Activity: Take nothing but the lines from the one with "Catherine Pooler - Brush-N-Tool" through the one with "Push-In Plus端子" in the entries below, both ends kept, and return them exactly with pictures left out.

Material to process:
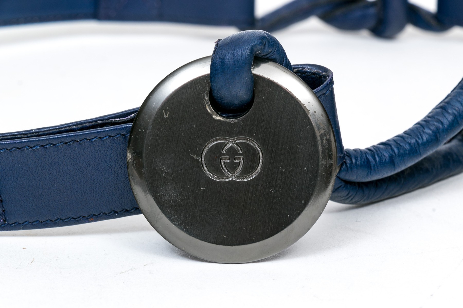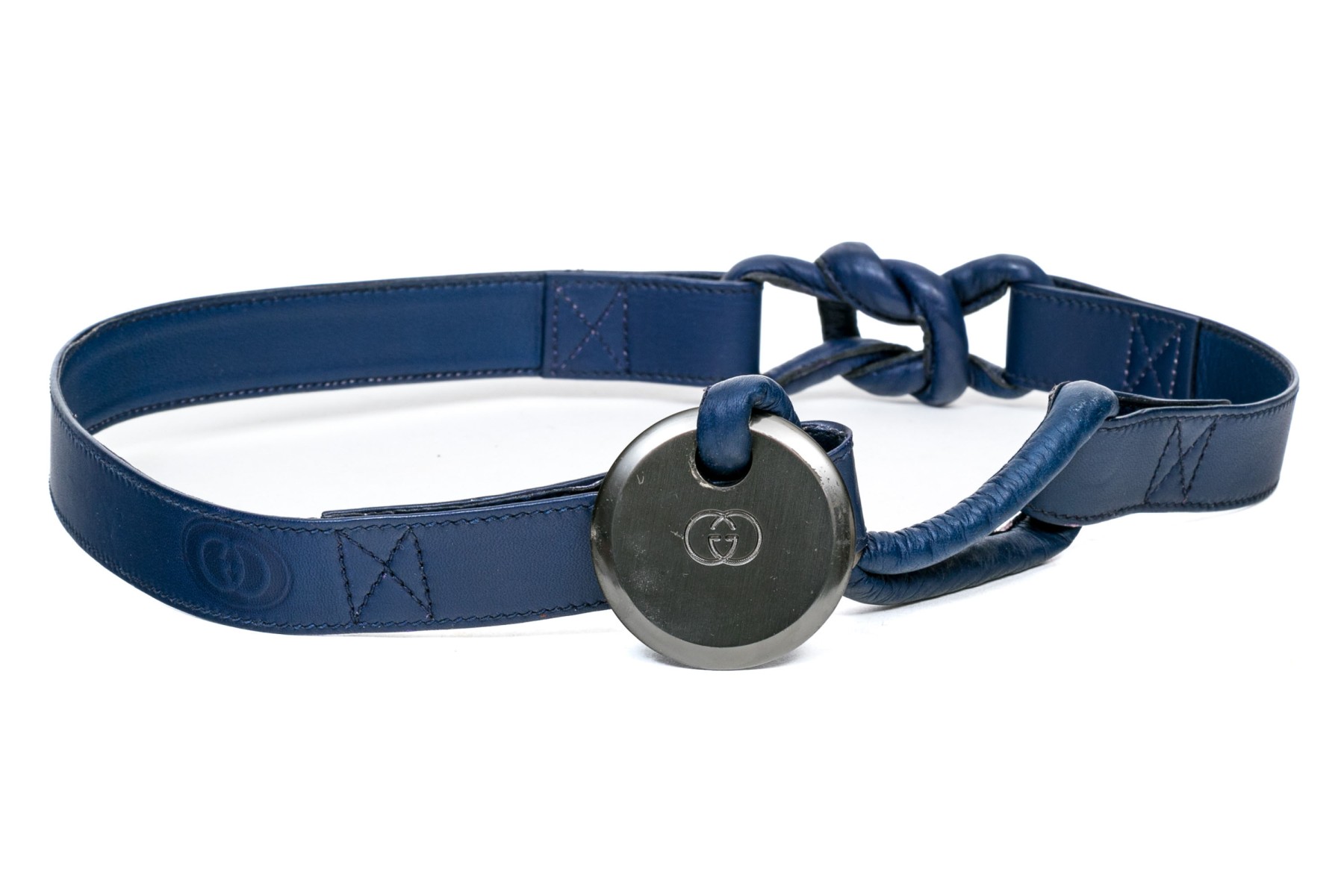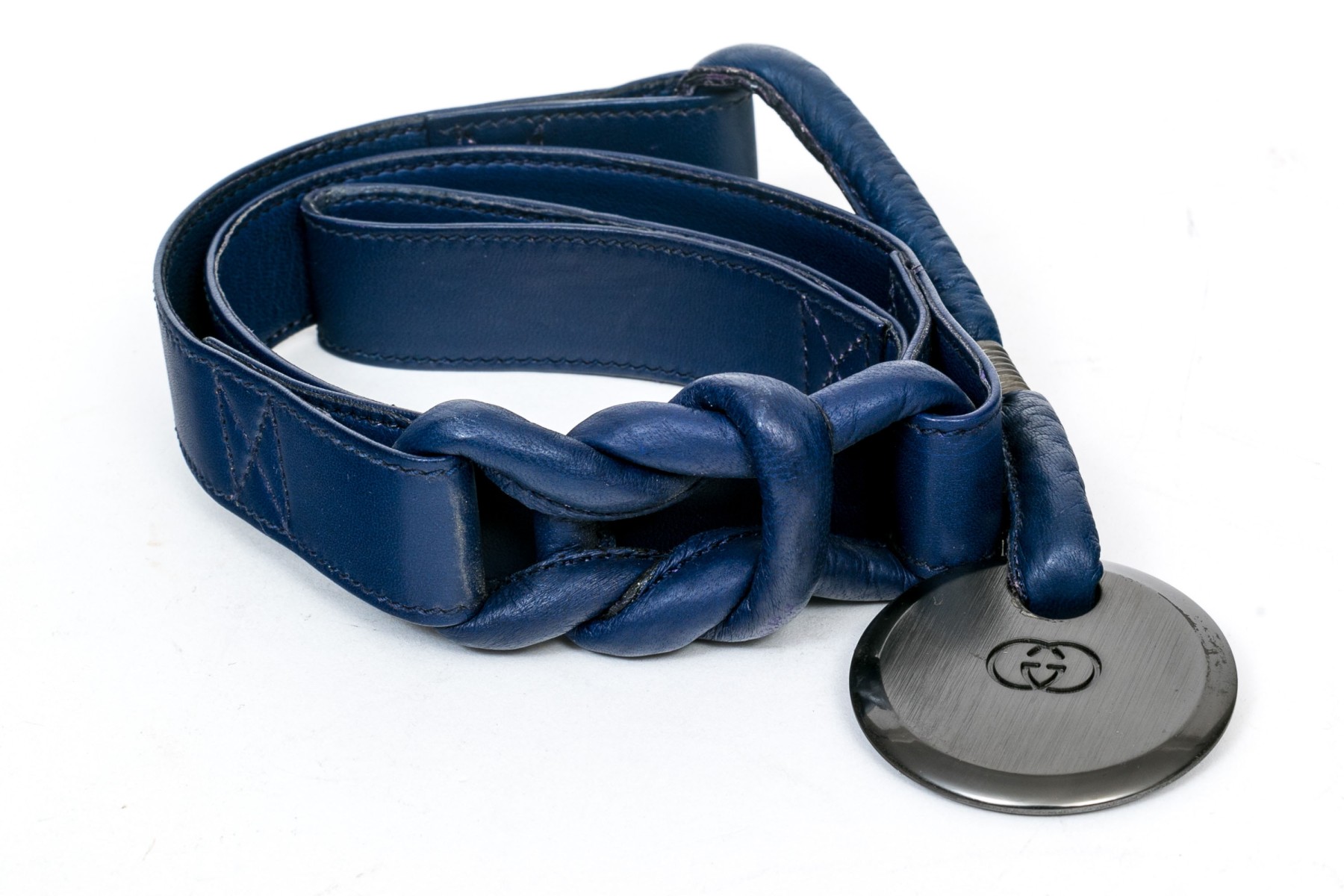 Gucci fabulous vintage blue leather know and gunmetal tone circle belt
* * *
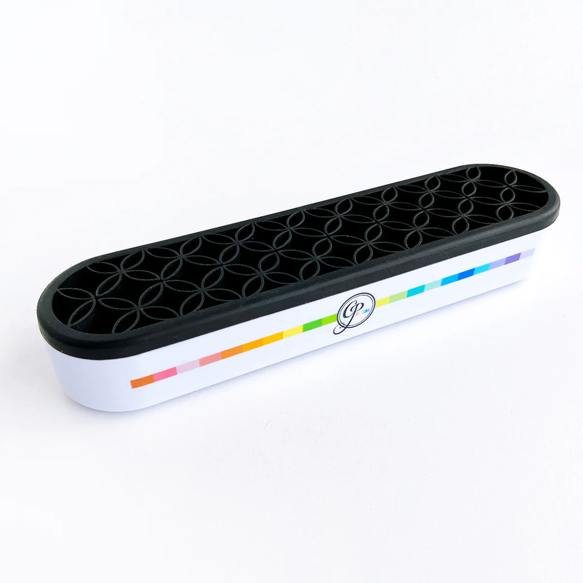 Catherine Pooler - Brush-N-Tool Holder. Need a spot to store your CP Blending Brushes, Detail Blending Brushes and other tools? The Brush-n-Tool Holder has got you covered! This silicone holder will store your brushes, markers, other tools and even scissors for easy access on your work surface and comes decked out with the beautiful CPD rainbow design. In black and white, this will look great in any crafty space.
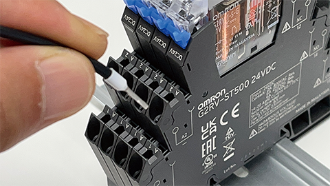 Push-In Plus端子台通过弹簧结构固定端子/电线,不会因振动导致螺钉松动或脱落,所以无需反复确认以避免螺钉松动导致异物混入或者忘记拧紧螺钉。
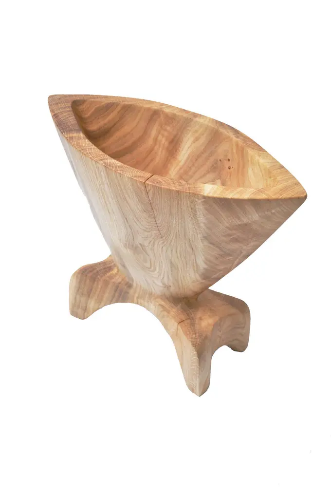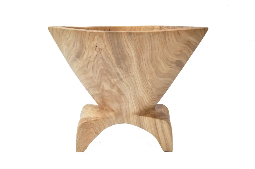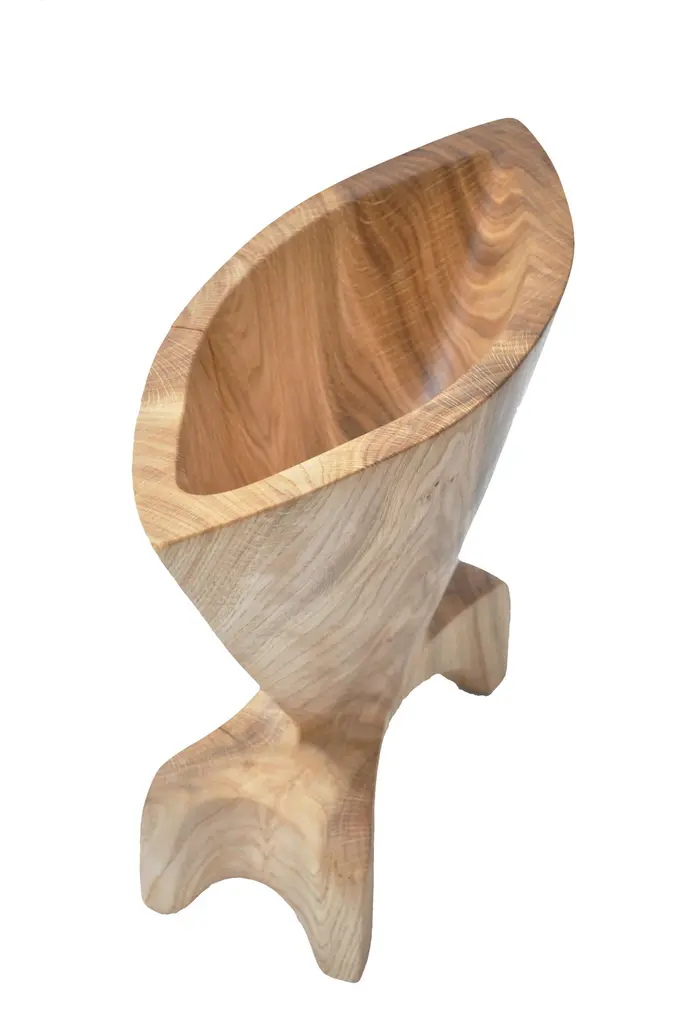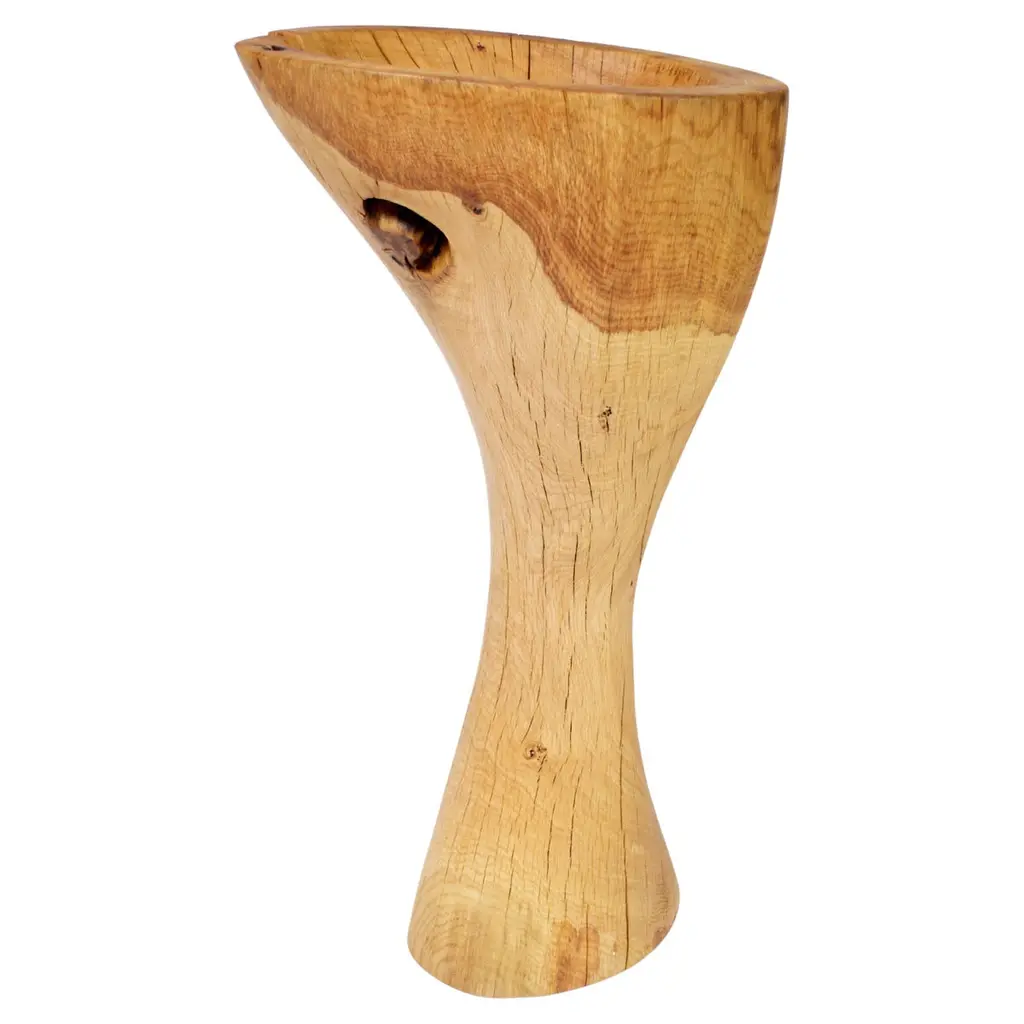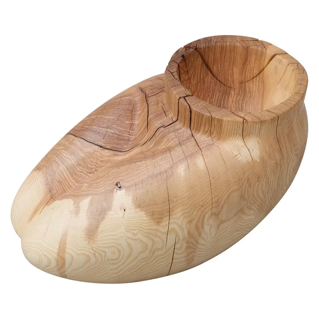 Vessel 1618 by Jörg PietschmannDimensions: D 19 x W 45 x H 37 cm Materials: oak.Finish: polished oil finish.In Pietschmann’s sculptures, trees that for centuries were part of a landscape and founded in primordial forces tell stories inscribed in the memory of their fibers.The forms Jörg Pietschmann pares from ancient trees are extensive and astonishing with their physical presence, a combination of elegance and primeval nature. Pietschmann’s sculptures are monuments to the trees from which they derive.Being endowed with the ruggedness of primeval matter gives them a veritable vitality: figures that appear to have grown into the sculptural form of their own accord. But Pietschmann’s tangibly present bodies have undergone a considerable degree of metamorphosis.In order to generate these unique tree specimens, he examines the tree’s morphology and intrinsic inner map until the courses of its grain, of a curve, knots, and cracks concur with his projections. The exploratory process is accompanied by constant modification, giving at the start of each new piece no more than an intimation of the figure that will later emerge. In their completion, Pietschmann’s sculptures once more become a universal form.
--
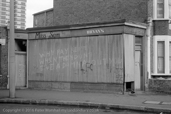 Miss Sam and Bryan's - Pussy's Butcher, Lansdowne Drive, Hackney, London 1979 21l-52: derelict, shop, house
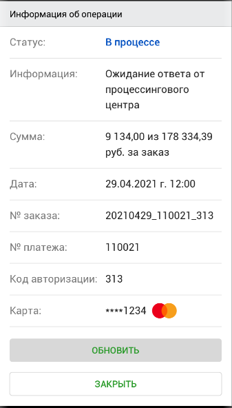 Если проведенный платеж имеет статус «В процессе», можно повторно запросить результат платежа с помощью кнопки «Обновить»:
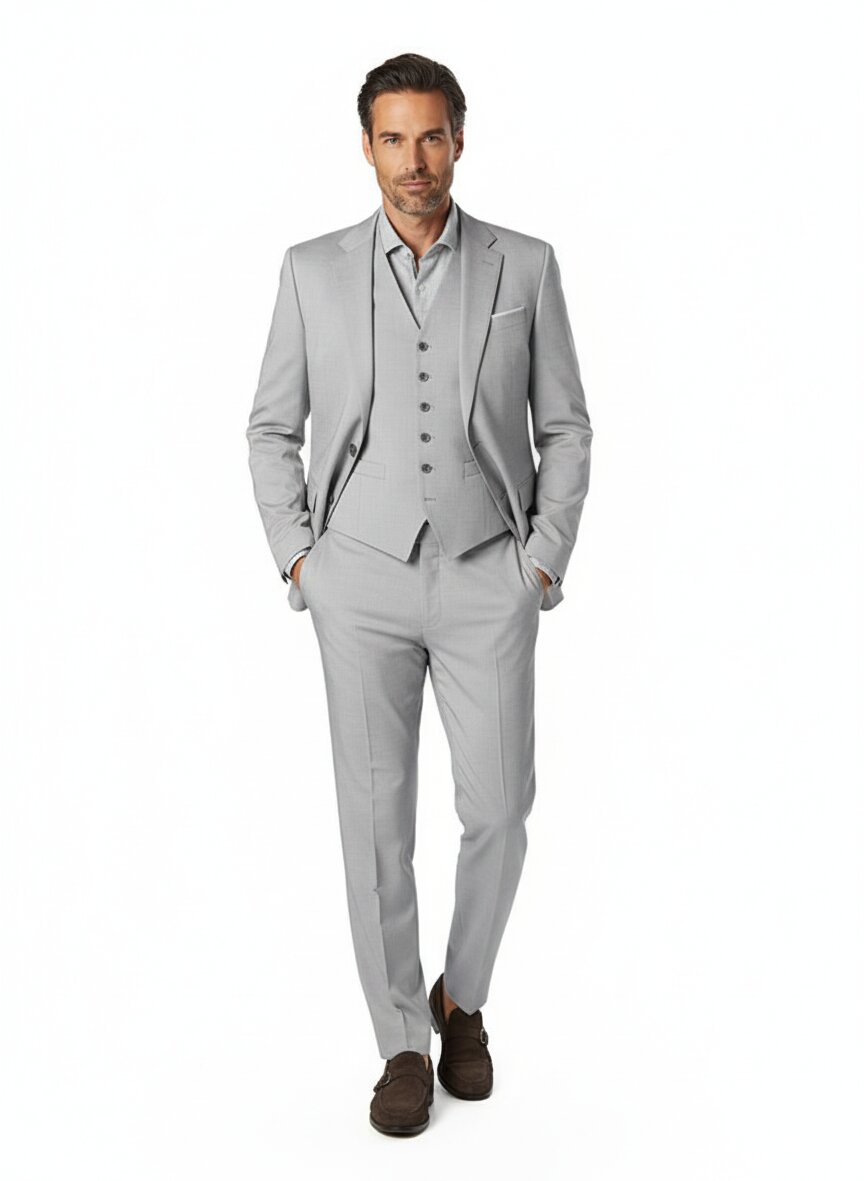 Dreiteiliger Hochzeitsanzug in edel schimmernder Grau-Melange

Reply to the exercise:
 Catherine Pooler - Brush-N-Tool Holder. Need a spot to store your CP Blending Brushes, Detail Blending Brushes and other tools? The Brush-n-Tool Holder has got you covered! This silicone holder will store your brushes, markers, other tools and even scissors for easy access on your work surface and comes decked out with the beautiful CPD rainbow design. In black and white, this will look great in any crafty space.
 Push-In Plus端子台通过弹簧结构固定端子/电线,不会因振动导致螺钉松动或脱落,所以无需反复确认以避免螺钉松动导致异物混入或者忘记拧紧螺钉。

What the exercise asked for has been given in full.